29
Aug
Local Pesticide Restrictions Critical to Health, Biodiversity, and Climate
(Beyond Pesticides, August 29, 2022) Does your community have a pesticide-free park managed with organic practices? Do you wish it did? If you do have an organic parks policy, do you have updated information on current practices? It is time to take action to affirm or protect our authority to shift land management in our communities to organic practices—just as the pesticide industry is lobbying to take that right away from us. Become a Parks Advocate. And, take the action below.
If your community is one of a growing number across the country that has taken action to protect its citizens and environment by adopting organic policies and practices in its public spaces, please take this opportunity to request an update on how organic land management is going or ask that the community begin transitioning to organic land management.
At the same time, be aware that the pesticide industry is seeking take away the ability of local communities to restrict toxic pesticides.
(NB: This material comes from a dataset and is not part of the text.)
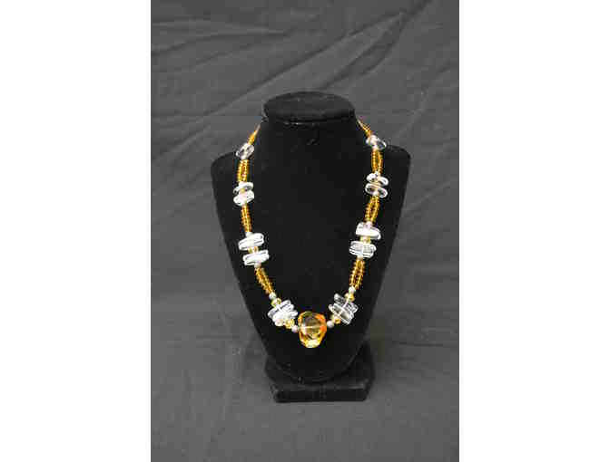 A double-strand amber glass and crystal necklace - measure approximately 18.5" long. This unique necklace will be a conversation starter!

Ask your Mayor/County Commissioner/Town Manager to contact your U.S. Representative and Senators, on your behalf, and tell them to oppose H.R. 7266 and support the Protect America’s Children from Toxic Pesticides Act (PACTPA), which contains a provision affirming local authority to restrict pesticides.
Please share with us pictures of your parks. Tell us why your pesticide-free parks are important to you.
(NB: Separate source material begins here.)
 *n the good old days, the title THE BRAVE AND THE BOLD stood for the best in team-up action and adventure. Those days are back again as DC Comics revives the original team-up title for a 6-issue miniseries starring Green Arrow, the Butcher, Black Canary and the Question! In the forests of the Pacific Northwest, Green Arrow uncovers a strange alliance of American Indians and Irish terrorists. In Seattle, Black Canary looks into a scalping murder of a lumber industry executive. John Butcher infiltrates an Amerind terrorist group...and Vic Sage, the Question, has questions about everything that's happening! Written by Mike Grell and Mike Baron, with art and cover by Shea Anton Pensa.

If your community has not yet taken action to protect its residents and environment by adopting organic policies and practices in its public spaces.
Letter to Mayor/County Commissioner/Town Manager:
This letter contains a two-part request—first to address organic management in our community and, second, contact our elected representatives in Congress to protect our community’s right to restrict toxic pesticides.
I would like to make sure that all land (parks, playgrounds, playing fields, etc.) in our area is managed with organic practices that eliminate fossil fuel-based toxic pesticides and fertilizers. Where these practices are in place, I would appreciate a report to the community. Where organic practices are not being utilized, I request that a plan be put in place to transition—as part of a community effort to protect health and biodiversity, and to fight the climate crisis. Now is the time that we must all join together to do our part to curtail petroleum-based pesticides and fertilizers and sequester atmospheric carbon in the soil through effective organic practices.
I am also asking you to contact, on behalf of our community, our U.S. Representative and Senators to tell them to oppose H.R. 7266 and support the Protect America’s Children from Toxic Pesticides Act (PACTPA), which contains a provision affirming local authority to restrict pesticides. We need your voice to be heard on behalf of all residents of our community to protect our health and biodiversity, and fight the climate crisis. Transitioning away from fossil fuel-based pesticides and fertilizers through the restriction of toxic pesticides and the adoption of organic practices is critically important to our health now and future sustainability.
Thank you and I look forward to hearing from you.